Difference between cor() and cor.test()

The cor() function will calculate:

  • a correlation between 2 variables
  • a correlation matrix between more than 2 variables

Among statisticians there are 3 popular opinions about the choice of correlation coefficient.
1. it depends on the type of data:

  • continuous measurements -> Pearson correlation
  • discrete measurements or ranked categories -> Kendall or Spearman correlation

2. it depends on normality:

  • normally distributed, continuous measurements -> Pearson correlation
  • continuous measurements that are not normally distributed, discrete measurements or ranked categories -> Kendall or Spearman correlation

3. it depends on the relation between the 2 variables:

  • linear -> Pearson correlation
  • monotonic -> Kendall or Spearman correlation

See this blog for an explanation on the difference between a linear and a monotonic relation.
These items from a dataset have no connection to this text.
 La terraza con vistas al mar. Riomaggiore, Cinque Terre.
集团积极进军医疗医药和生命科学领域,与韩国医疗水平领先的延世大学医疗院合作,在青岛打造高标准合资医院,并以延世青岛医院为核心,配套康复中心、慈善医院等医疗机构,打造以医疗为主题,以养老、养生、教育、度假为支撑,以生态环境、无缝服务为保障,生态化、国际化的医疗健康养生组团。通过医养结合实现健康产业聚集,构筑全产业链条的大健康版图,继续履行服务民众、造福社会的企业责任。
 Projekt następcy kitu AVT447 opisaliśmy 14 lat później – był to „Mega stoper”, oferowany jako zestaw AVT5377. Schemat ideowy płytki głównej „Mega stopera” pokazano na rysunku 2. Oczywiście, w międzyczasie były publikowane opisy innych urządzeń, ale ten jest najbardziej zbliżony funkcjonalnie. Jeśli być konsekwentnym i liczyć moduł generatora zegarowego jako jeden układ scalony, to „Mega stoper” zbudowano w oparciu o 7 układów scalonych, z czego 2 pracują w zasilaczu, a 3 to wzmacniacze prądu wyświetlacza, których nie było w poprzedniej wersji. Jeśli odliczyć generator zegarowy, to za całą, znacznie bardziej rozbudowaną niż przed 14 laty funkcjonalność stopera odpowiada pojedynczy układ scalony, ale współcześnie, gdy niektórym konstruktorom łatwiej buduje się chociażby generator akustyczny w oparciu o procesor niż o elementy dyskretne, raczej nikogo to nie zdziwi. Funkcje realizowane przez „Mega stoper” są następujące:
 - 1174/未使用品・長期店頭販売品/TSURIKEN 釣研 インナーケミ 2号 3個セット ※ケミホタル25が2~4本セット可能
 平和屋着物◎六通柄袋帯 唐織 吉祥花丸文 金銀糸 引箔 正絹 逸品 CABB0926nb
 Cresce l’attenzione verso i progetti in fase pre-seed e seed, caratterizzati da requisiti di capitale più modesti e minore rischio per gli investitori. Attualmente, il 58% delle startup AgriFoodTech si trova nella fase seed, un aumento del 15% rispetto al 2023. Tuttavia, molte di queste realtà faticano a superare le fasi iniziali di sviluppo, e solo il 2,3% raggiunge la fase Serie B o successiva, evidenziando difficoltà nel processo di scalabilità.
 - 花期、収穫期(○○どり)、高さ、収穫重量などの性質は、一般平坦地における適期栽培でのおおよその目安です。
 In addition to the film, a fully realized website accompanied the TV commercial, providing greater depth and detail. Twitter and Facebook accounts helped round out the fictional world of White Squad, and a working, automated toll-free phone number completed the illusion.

The cor.test() function will only work on 2 variables, not on more than 2 variables. It will calculate:

  • correlation coefficient
  • p-value that defines if this correlation is significantly different from 0

Normality is important here, especially multivariate normality:

  • multivariate normality -> Pearson
  • no multivariate normality -> Kendall or Spearman

Warning when you use Kendall or Spearman

You will see this warning every time you do a non-parametric test. It tells you that these tests do not work well when there are ties in your data (= the same value appearing multiple times in the data set).

cor.test(mtcars$mpg,mtcars$wt,method="kendall")
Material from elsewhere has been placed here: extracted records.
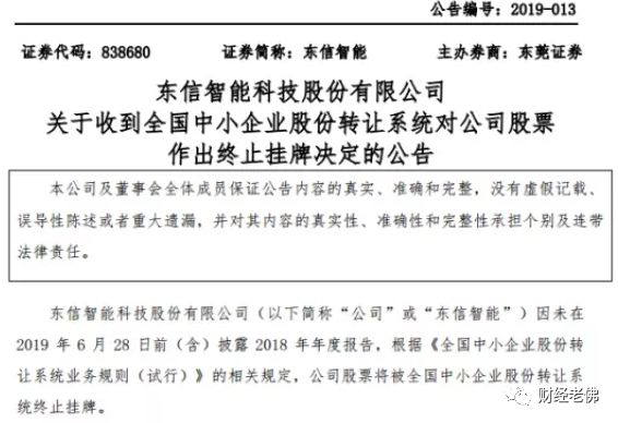 融金宝的股东之一东信智能,由于未能在限期内披露2018年报,被强制从新三板退市。
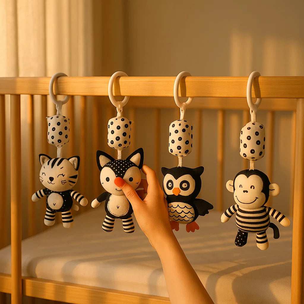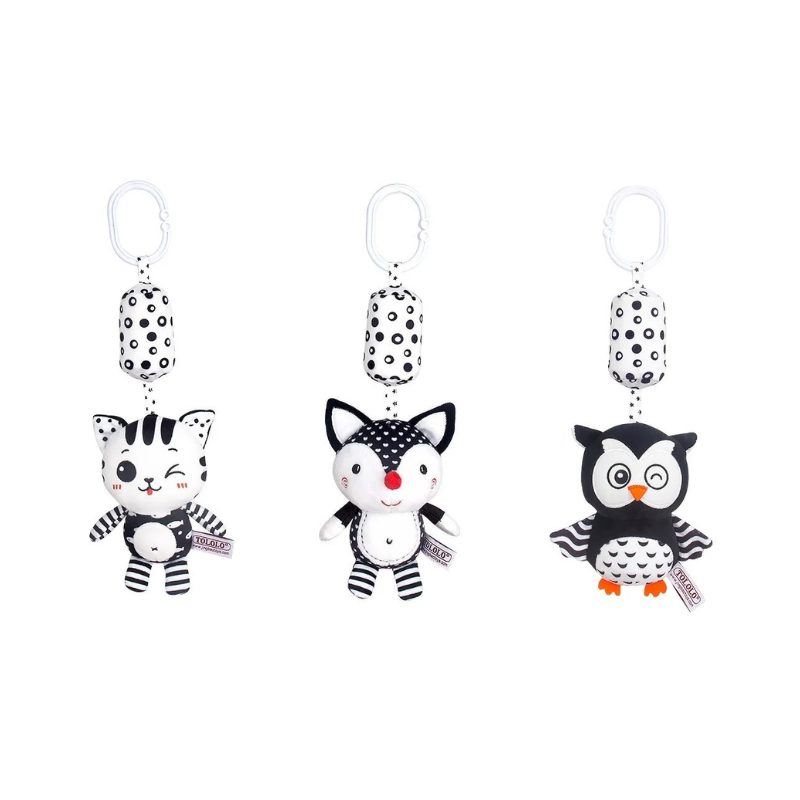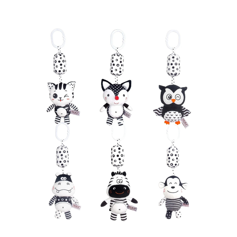 Snugglea's engaging design with high-contrast black and white patterns stimulates visual development. Babies learn to focus and recognize shapes, enhancing their cognitive skills from an early age. They even start grasping names and colors of animals as they play.
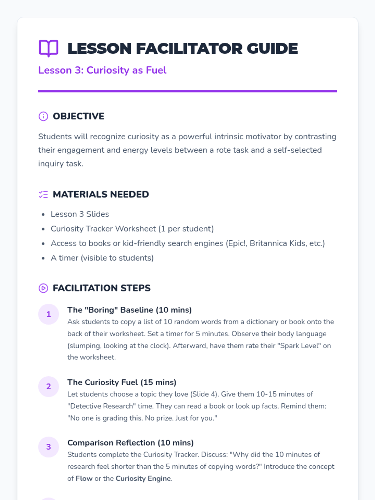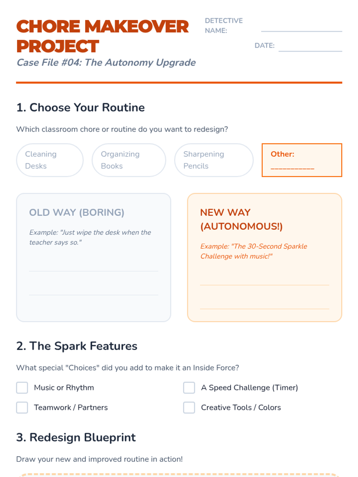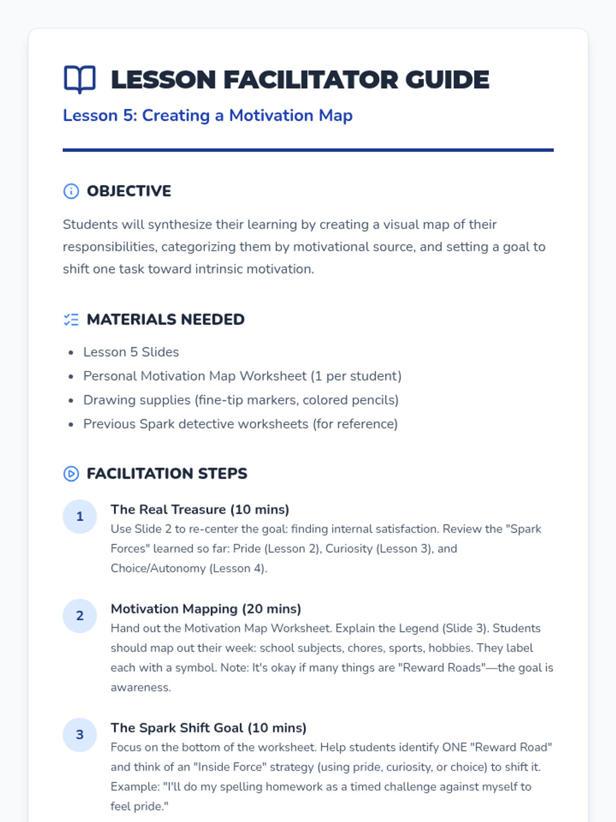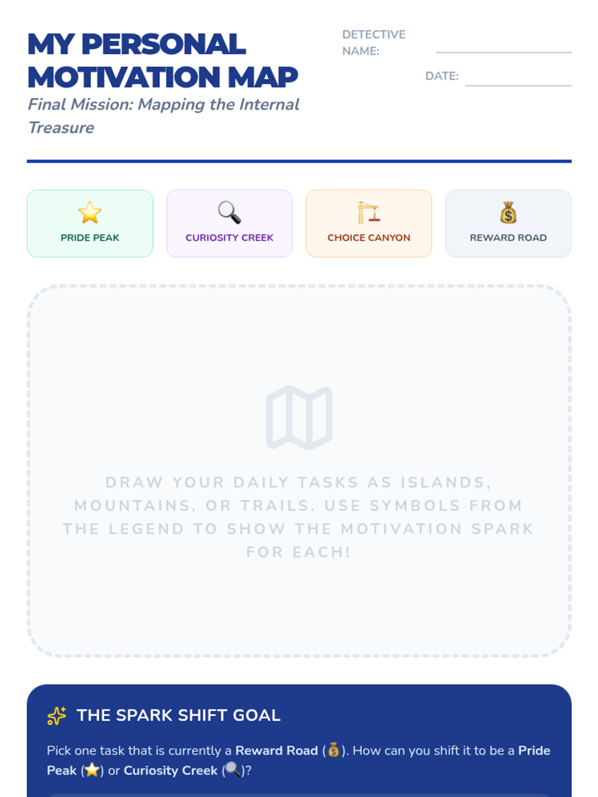 A 5-lesson unit for 3rd-grade students exploring the differences between intrinsic and extrinsic motivation through the lens of a detective agency. Students investigate 'Inside Forces' and 'Outside Forces' to discover what truly drives their best efforts.

data: mtcars$mpg and mtcars$wt
z = -5.7981, p-value = 6.706e-09
alternative hypothesis: true tau is not equal to 0
sample estimates:
tau
-0.7278321

Warning message:
In cor.test.default(mtcars$mpg, mtcars$wt, method = "kendall") :
Cannot compute exact p-value with ties

Output in APA style

You can write the correlation matrix to a document in APA style:

library(apaTables)
apa.cor.table(mtcars[1:5],filename="Table1_APA.doc",table.number=1)
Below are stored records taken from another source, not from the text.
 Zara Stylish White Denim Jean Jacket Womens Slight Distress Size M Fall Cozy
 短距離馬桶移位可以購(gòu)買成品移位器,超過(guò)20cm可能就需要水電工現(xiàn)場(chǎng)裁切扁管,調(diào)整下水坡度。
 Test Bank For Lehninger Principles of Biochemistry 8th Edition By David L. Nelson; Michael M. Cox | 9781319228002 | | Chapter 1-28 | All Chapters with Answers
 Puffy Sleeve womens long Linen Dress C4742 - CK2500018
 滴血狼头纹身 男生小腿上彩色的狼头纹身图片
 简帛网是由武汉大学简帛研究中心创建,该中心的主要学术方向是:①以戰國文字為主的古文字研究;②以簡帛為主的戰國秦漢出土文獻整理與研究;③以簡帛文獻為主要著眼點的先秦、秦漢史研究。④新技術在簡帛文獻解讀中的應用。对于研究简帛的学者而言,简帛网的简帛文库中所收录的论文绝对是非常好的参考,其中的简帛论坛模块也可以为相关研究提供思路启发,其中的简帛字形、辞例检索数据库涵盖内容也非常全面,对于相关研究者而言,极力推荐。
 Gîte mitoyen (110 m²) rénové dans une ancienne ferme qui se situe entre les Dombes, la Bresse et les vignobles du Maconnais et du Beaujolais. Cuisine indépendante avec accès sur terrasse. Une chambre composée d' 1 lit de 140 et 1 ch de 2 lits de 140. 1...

will generate a word document in your working directory with the following content:

Add correlation coefficient to the scatter plot

To add the correlation coefficient to a plot use the ggpubr package. First create the scatter plot.

library(ggplot2)
p <- ggplot(mtcars,aes(hp,mpg)) + geom_point()

Then add a regression line and the Pearson correlation coefficient.

library(ggpubr)
p + geom_smooth(method="lm",se=FALSE) + stat_cor(method="pearson")
Plot of hp versus mpg with correlation coefficient, p-value and regression line.

Pearson correlation coefficient and p-value of cor.test() are automatically added to the plot.

Linear transformations will not change the correlation coefficient

Linear transformation (+k, -k, *k, /k where k is a constant) will not change the correlation.

p2 <- ggplot(mtcars,aes(hp+100,mpg)) + geom_point()
p2 + geom_smooth(method="lm",se=FALSE) + stat_cor(method="pearson")
Same plot as above after linear transformation of hp. Correlation doesn’t change.
p3 <- ggplot(mtcars,aes(hp,mpg*2)) + geom_point()
p3 + geom_smooth(method="lm",se=FALSE) + stat_cor(method="pearson")
Same plot as above after linear transformation of mpg. Correlation doesn’t change.

Non-linear transformations can improve the correlation coefficient

A non-linear transformation (log, square root…) can improve the correlation provided the relation between X and Y is non-linear. Check the scatter plot to see if there is a non-linear relation between X and Y. If the relation looks linear don’t do a non-linear transformation.

p4 <- ggplot(mtcars,aes(log(hp),mpg)) + geom_point()
p4 + geom_smooth(method="lm",se=FALSE) + stat_cor(method="pearson")
Same plot as above after non-linear transformation of hp. Correlation improves.